Independent research confirms the fundamental claim of a relationship between relative competitive Net Promoter Scores and competitive growth rates.[11] Proponents of the Net Promoter approach point out that the statistical analyses presented prove only that the "recommend" question is similar in predictive power to other metrics, but fail to address the practical benefits of the approach, which are at the heart of the argument Reichheld and Satmetrix put forth.
Proponents of the approach also counter that analyses based on third-party data are inferior to analyses conducted by companies on their own customer sets, and that the practical benefits of the approach (short survey, simple concept to communicate) outweigh any statistical inferiority of the approach.[9]
General Electric uses NPS to evaluate process excellence for its customers, and plans to use NPS as a metric to decide the compensation of its leaders;[12] Procter and Gamble uses NPS to measure consumer reactions to its brands;[7] Allianz uses NPS to maintain what it calls "customer-centricity";[6] and Verizon Wireless uses NPS in all business channels including their call centers and retail stores.[13] Other companies using NPS include American Express, BearingPoint, and Intuit.[9]
Despite its popularity among business executives, the Net Promoter concept has attracted some controversy from academic and market research circles.
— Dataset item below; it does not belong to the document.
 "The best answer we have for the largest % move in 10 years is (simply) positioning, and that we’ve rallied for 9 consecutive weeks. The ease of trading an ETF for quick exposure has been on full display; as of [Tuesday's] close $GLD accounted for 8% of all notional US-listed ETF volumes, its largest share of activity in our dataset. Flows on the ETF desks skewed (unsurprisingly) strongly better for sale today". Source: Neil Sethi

Research by Keiningham, Cooil, Andreassen and Aksoy disputes that the Net Promoter metric is the best predictor of company growth.[14] Furthermore, Hayes (2008) claimed there was no scientific evidence that the "likelihood to recommend" question is a better predictor of business growth compared to other customer-loyalty questions (e.g., overall satisfaction, likelihood to purchase again). Specifically, Hayes stated that the "likelihood to recommend" question, does not measure anything different from other conventional loyalty-related questions.[15]
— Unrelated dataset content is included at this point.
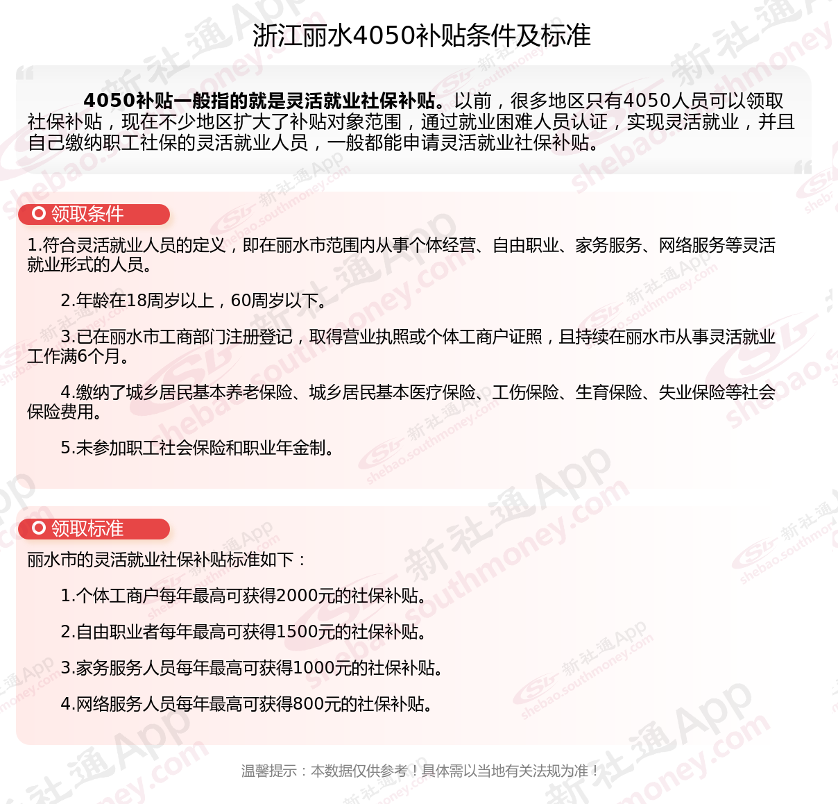 二、2025年浙江丽水4050社保补贴标准及条件,最新如下:

Environmental factors may exert an influence on customers' response to the "recommend" question—making comparisons across business units or industries difficult in certain cases. Examples include comparing businesses with an associated social stigma (e.g., cigarettes or online dating) and businesses with different levels of service fulfillment (e.g., delivery services as compared to gyms). Moreover, determining when the survey should be delivered may be more obvious in some cases than in others (such as in the case of a gym), where customer attitudes may be likely to change over time.
Daniel Schneider, Jon Krosnick, et al. found that out of four scales tested, the 11-point scale advocated by Reicheld had the lowest predictive validity of the scales tested.[16] Others have taken issue with the calculation methodology, claiming that by collapsing an 11-point scale to three components (e.g., Promoters, Passives, Detractors), significant information is lost and statistical variability of the result increases.[9] The validity of NPS scale cut-off points across industries and cultures has also been questioned.[17]